All possible values of $i^{\frac{1}{2} + i} = \exp((\frac{1}{2} + i) \log(i))$ in rectangular form

Question

Trying to find all possible values of $i^{\frac{1}{2} + i} = \exp((\frac{1}{2} + i) \log(i))$, so far I have the following:

$i^{\frac{1}{2} + i} = e^{\frac{1}{2} + i} e^{log(i)} \iff$

$i^{i} i^{-\frac{1}{2}} = e^{i} e^{\frac{1}{2}} \iff$

$\log(i^i i^{-\frac{1}{2}}) = i + 1/2 + 2 \pi k i, k \in \mathbb{Z} \iff$

$i \log(i) - \frac{1}{2} \log(i) - i = \frac{1}{2} + 2 \pi i k \iff$

$(\log(i) - \frac{1}{2} \log(i^{\frac{1}{i}}) - 1)i - \frac{1}{2} + 2 \pi i k = 0 $

I am not sure about the solution, particularly the last step where I do the following: $\frac{1}{2} \log(i) = i \frac{1}{i} \frac{1}{2} \log(i)= i \frac{1}{2} log(i^{\frac{1}{i}})$. Is this allowed?

The reason I do this is because I want a solution in rectangular form z = x + yi, so now I have $x = \frac{1}{2}$ and $y = \log(i) - \frac{1}{2} \log(i^{\frac{1}{i}}) - 1$.

Answer 1

Hint:

Rewrite $$i^{(\frac {1}{2} + i)}$$ as $$i^\frac {1}{2}(i^i)$$

For $i^\frac {1}{2}$, use DeMoivre's Theorem (with $(0+i)^{\frac {1}{2}}$). For $i^i$, rewrite as $e^{i \log i}$ and find the value of $\log i$.

(Note: "$\log$" in this case is the natural logarithm - I usually write "$\ln$".)

Answer 2

Evaluate as follows,

$$i^{\frac12 + i} = (e^{i\frac\pi2})^{\frac12 + i} =e^{i\frac\pi2(\frac12 + i)} =e^{i\frac\pi4-\frac\pi2}=e^{-\frac\pi2}(\cos\frac\pi4+i\sin\frac\pi4) =\frac1{\sqrt2 e^{\frac\pi2}}(1+i)$$

Answer 3

Well, this is a miserable problem. But I think the best way to look at your multivalued expression is as the product $i^{1/2}$ times the countably-valued but always-real quantity $i^i$.

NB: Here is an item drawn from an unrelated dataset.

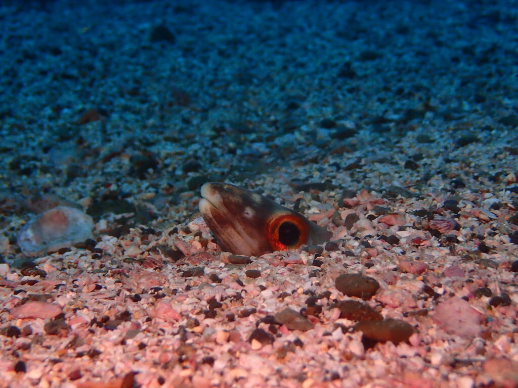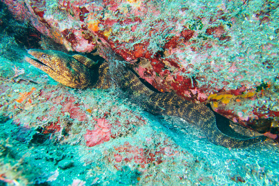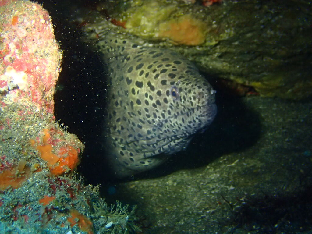 壁の亀裂にはウツボ、クリアクリーナーシュリンプが着いています。

The only two values for $i^{1/2}$ are $\pm\frac{1+i}{\sqrt2}$.

For the values of $i^i$ we write this as $\exp(i\log i)$, where what’s in the parentheses has the countably many values $i\bigl[i\frac\pi2+2ki\pi\bigr]$, for the various $k\in\Bbb Z$. Thus the infinitely many values of the second factor are $\exp(2k\pi-\frac\pi2)$.

Upshot? Your values are $\pm\frac{1+i}{\sqrt2}\exp(2k\pi-\pi/2)$, all $k\in\Bbb Z$, so all lying on the line $y=x$ in the Wessel-Argand-Gauss plane.